‘The Supreme Court decision was wrong’: AG Barr on 2020 Census citizenship question

by Bamidele Ogunberu Posted on July 8th, 2019

Washington: Attorney General William Barr said Monday that he believes the Trump administration can legally add a citizenship question to the 2020 census, though the Supreme Court ruled against its inclusion last month.

In an interview with The Associated Press, Barr said he has been in regular contact with President Trump about the question, which the president is determined to see featured on the decennial survey.

“I agree with him that the Supreme Court decision was wrong,” Barr told the AP. The attorney general added that he thinks there is “an opportunity potentially to cure the lack of clarity that was the problem and we might as well take a shot at doing that.”

Barr declined to provide further details to the wire service on how the question will be added to the census.

However, the AP cited a senior official who said President Trump is expected to issue a presidential memorandum to the Commerce Department directing it to include the citizenship question on the 2020 census. Action is expected to be taken in the coming days.

The Hill has reached out to the Justice and Commerce departments for further comment.

The Supreme Court, in a 5-4 ruling last month, found that the administration’s stated reason for adding the citizenship question to the census didn’t match up with the evidence in the case.

The justices blocked the question from appearing on the survey for the time being but left an opening for the Commerce Department to provide another reason for the question’s inclusion. The Trump administration had claimed the question was necessary to enforce the Voting Rights Act.

Opponents of the question argued that its inclusion on the census would lead to an inaccurate count of the population, as immigrants might be discouraged from participating. The Department of Justice (DOJ) had argued that the data would not be used for purposes beyond compliance with the voting law, but critics said the perception was enough to cause individuals to skip the question or the survey altogether.

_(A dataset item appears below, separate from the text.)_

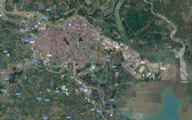 下面就是越南北方的地图,绿色的部分就是红河三角洲,黑框标出的沿海城市就是海防市。
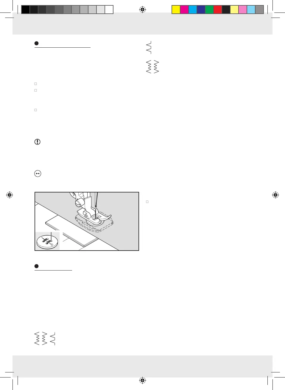 Nähfuß absenken. Handrad drehen und prü-

The DOJ initially appeared ready to accept defeat in the legal battles, announcing Tuesday that census materials would be printed without the question. The administration had said in court filings that census materials needed to be finalized by June 30 for a July 1 printing deadline.

But Trump one day later tweeted that those efforts would move forward, appearing to catch even DOJ lawyers on the case by surprise.

“The tweet this morning was the first I had heard of the president’s position on this issue, just like the plaintiffs and Your Honor. I do not have a deeper understanding of what that means at this juncture other than what the president has tweeted,” Joshua Gardner, a DOJ attorney, told a federal judge during a teleconference Wednesday.

“But obviously, as you can imagine, I am doing my absolute best to figure out what’s going on,” he added.

The DOJ also announced late Sunday that it was pulling its entire legal team for the citizenship question off the case, and replacing them with other government lawyers.

That move has fueled speculation that career DOJ lawyers refused to provide another rationale behind the citizenship question after repeatedly citing the Voting Rights Act in court or that officials feared they would no longer be viewed as trustworthy by judges presiding over the cases.

What is the citizenship question?

“Is this person a citizen of the United States?”

This question has not appeared on a US census for all Americans since 1950, though it has been asked to some subsets of the population between 1970 and 2000.

The population count helps the government draw up districts for state and local elections, and determine how much federal funding each state receives – a matter of hundreds of billions of dollars.

In a 2018 report, Census Bureau researchers found that the inclusion of a citizenship question will likely suppress response rates in households with immigrants and minority groups, leading to a “lower-quality population count”.

But Mr Ross – the billionaire financier who oversees the Census Bureau – insisted that detailed citizenship data is of “greater importance than any adverse effect” posed by an undercount.

Why was citizenship question so controversial?

The heated legal battle over whether to include a citizenship question in the 2020 census has hinged on the motives underlying it.

The White House argued that the decision was made for practical reasons. “When you have a census and you’re not allowed to talk about whether or not somebody’s a citizen or not, that doesn’t sound so good to me,” Mr Trump said to reporters last month.

But critics argue efforts to include the question were politically motivated and say it would have suppressed responses from immigrants and racial minorities.

This would almost certainly benefit the Republican Party when it comes to the drawing-up of districts for elections and calculating how much funding each state receives.

The states with the highest immigration populations, such as California and New Mexico, would have been at the greatest risk of an undercount. Many of these states tend to vote Democrat.

Depressed response rates in these states would allow for electorate boundaries to be redrawn, pulling political power – and funding – away from Democratic-leaning, minority households.

Last week, the Supreme Court wrote in a 5-4 ruling that the Trump administration had not provided adequate justification for the inclusion of the question.

Three federal judges had earlier issued rulings to block the question, one calling it a threat “to the very foundation” of US democracy.